The decision to do formal assessments came in response to a petition filed by the Center for Biological Diversity, an environmental advocacy group.
Blanding's turtles grow to 6-10 inches in length. They have a distinctive look, with domed upper shells and bright yellow chins and throats. But their good looks are part of the problem because they are often caught and sold illegally as pets, the center says.
But a bigger problem is their habitats are giving way to more development. The turtles live primarily in marshes and other wetlands, but also need to have sandy areas nearby for nesting. The largest numbers of them live in backwater areas along the Mississippi River, according to the DNR.
The turtles also are susceptible to becoming road kill, since - as turtles - they don't move very fast and sometimes need to cross roads to get from their wetland homes to their nesting spots.
Blanding's have a fairly low reproduction rate as well. Although they can live to be 70 or older, they don't begin reproducing until they're 12-20 years old and then don't lay very many eggs each year, the Associated Press notes.

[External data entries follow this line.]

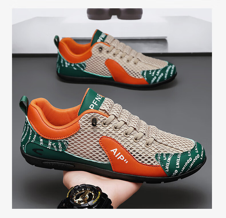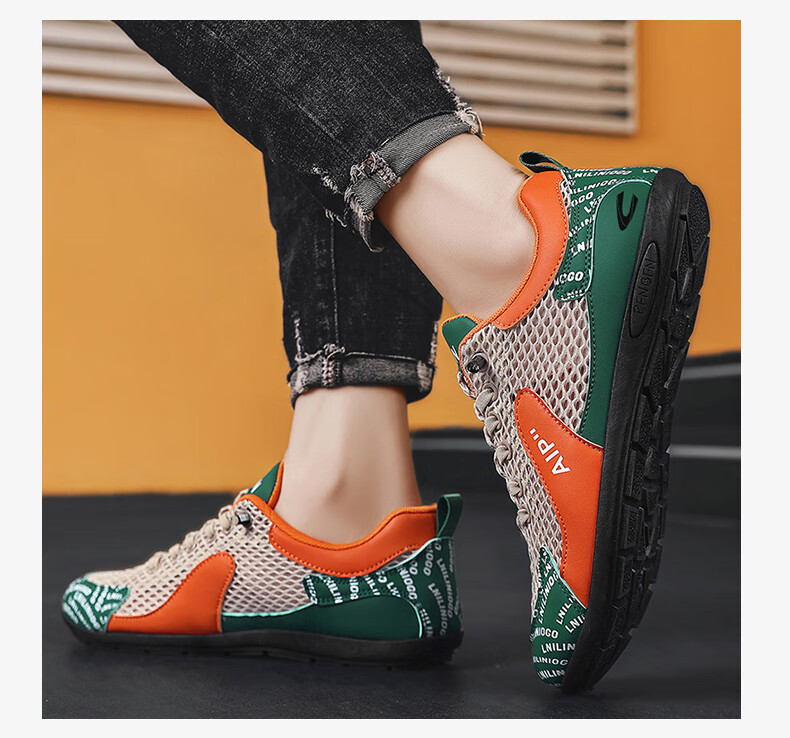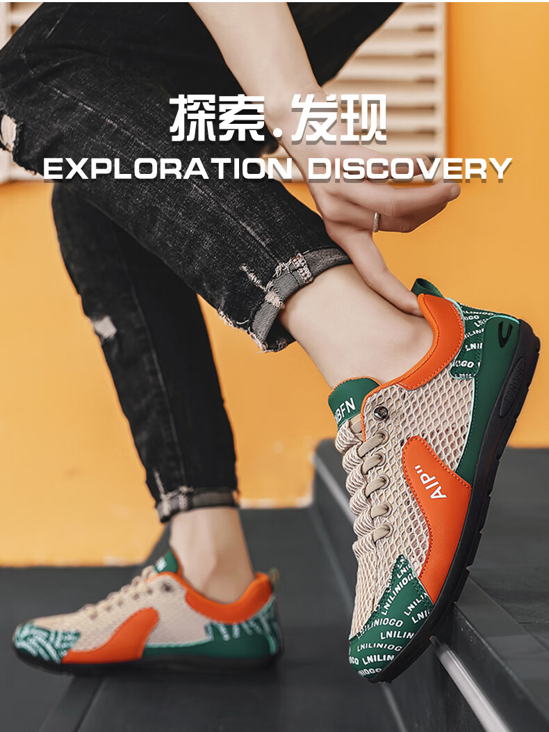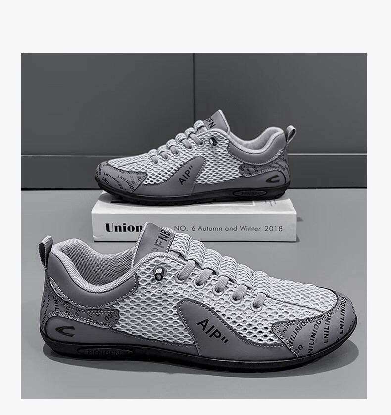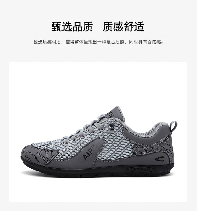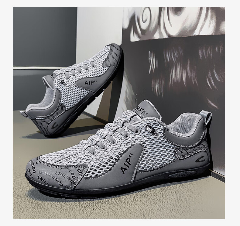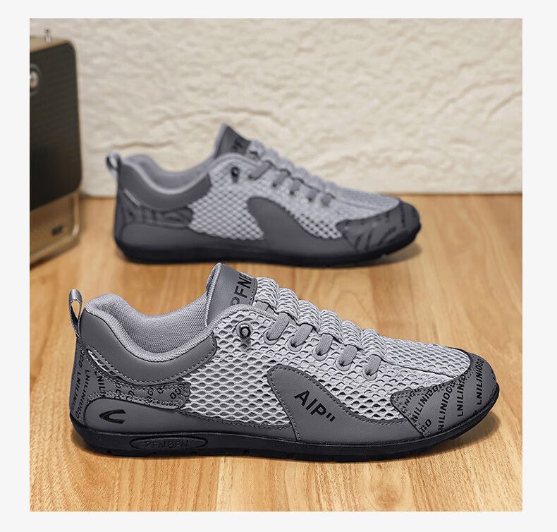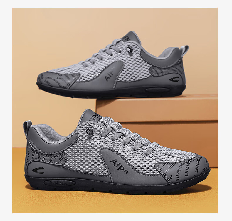 骆驼动感阿甘男鞋夏季透气防臭网面运动板鞋男士休闲跑步软底防滑豆豆潮鞋 灰色 44
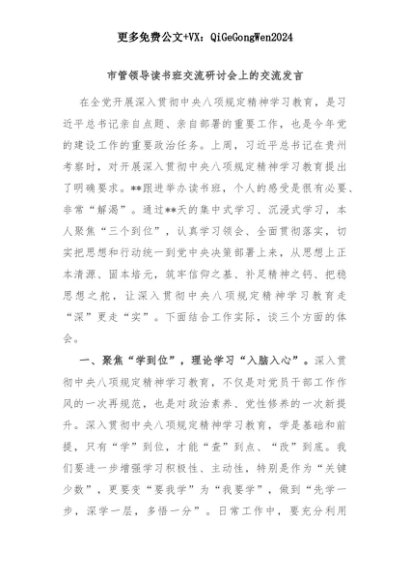 【七哥公文】2025年:市管领导读书班交流研讨会上的交流发言+更多免费公文+VX:QiGeGongWen2024+更多免费公文+VX:QiGeGongWen2024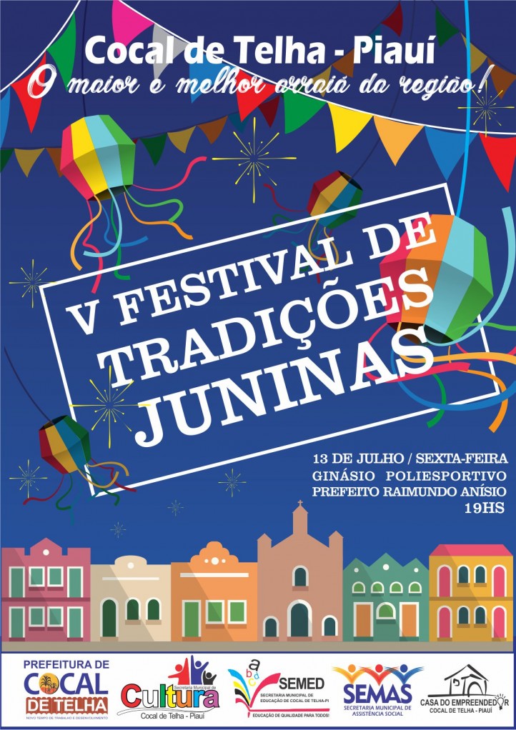A Prefeitura de Cocal de Telha confirmou nesta Segunda-Feira (24) a realização da 5ª. Edição do Festival de Tradições Juninas. O evento acontecerá no Ginásio Poliesportivo Prefeito Raimundo Anísio no dia 13 de Julho. A Secretaria Municipal de Cultura está coordenando todo o evento que contará com apresentações de quadrilhas de vários municípios, grupos de dança, casamento caipira, barracas com bebidas e comidas típicas.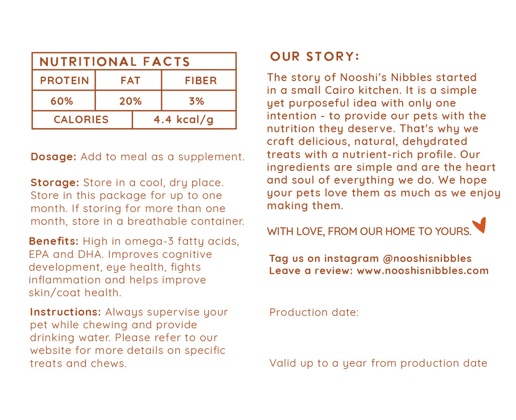 Chicken feet are naturally rich in calcium, glucosamine, and chondroitin which improve joint health. Supports gum and dental health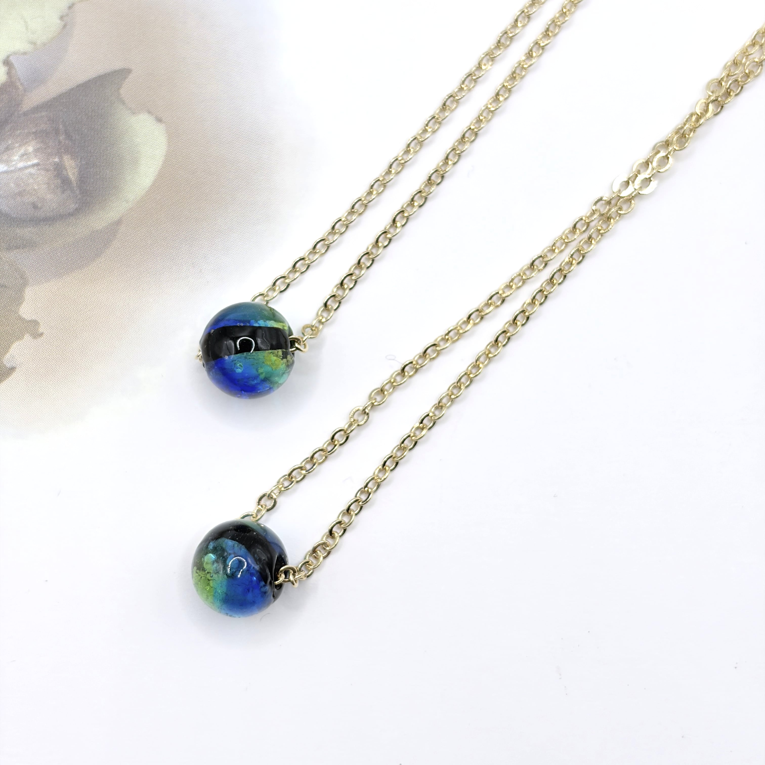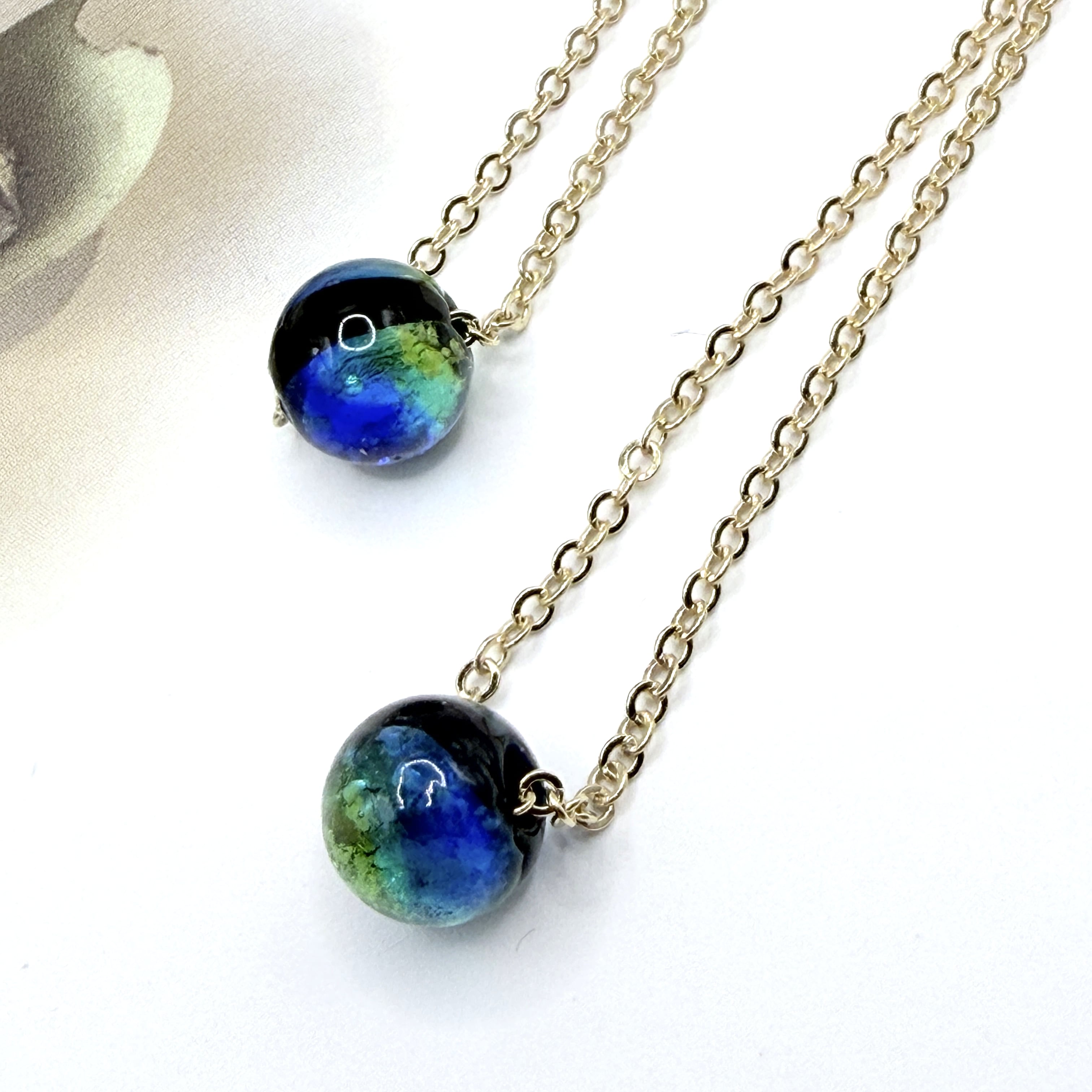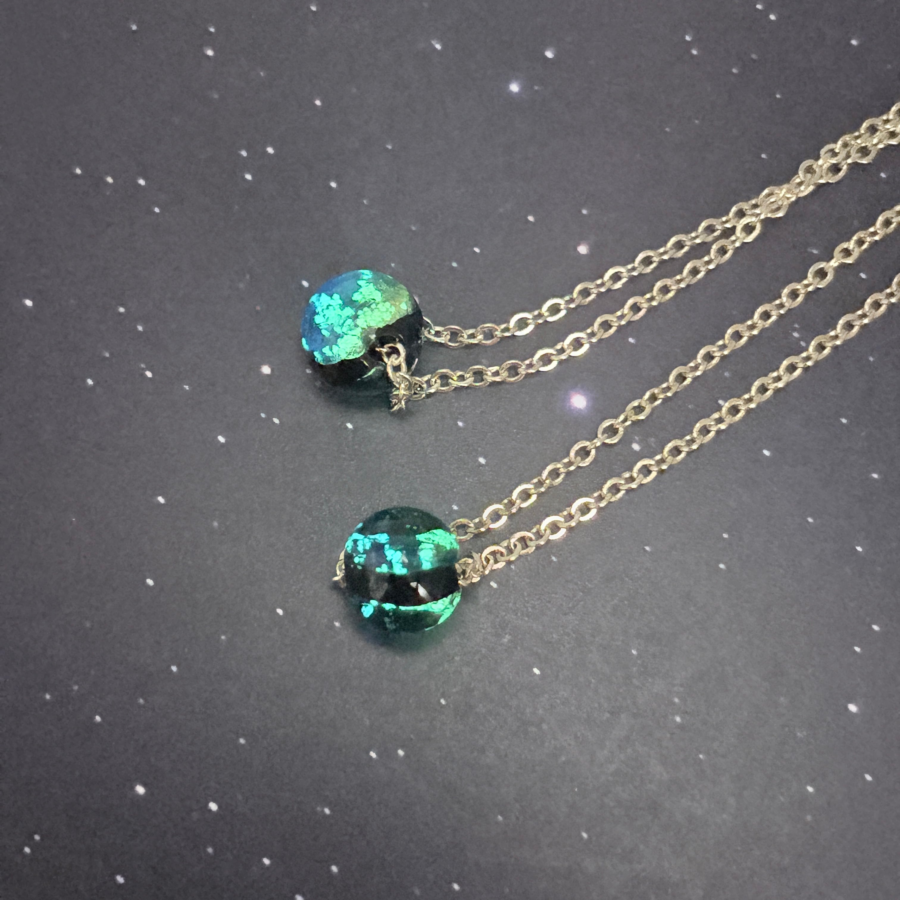 蓄光ホタルガラスのネックレスです。 ビーズは強い光を当てたあと、暗闇で光ります。 【サイズ】 長さ:約45センチ(+アジャスター)、約55センチ(+アジャスター)

The Forest Service says it will look at all of those factors as it begins its in-depth review of the Blanding's turtle's status, which will take a year or two. The agency is accepting public comments on the issue until Aug. 31, at this website.
Turtle researcher has 'holy crap' moment
An interesting side note: One determined Blanding's turtle in Ohio traveled an unusually long distance - 17 miles - over the course of the past seven years, surprising wildlife researchers there with his stamina.
The turtle was microchipped in 2007 as part of research by the Toledo Zoo, according to the Blade of Toledo. One of the researchers saw the turtle late last year in a state forest, read the microchip, and determined the animal had traveled much farther than they thought Blanding's would go.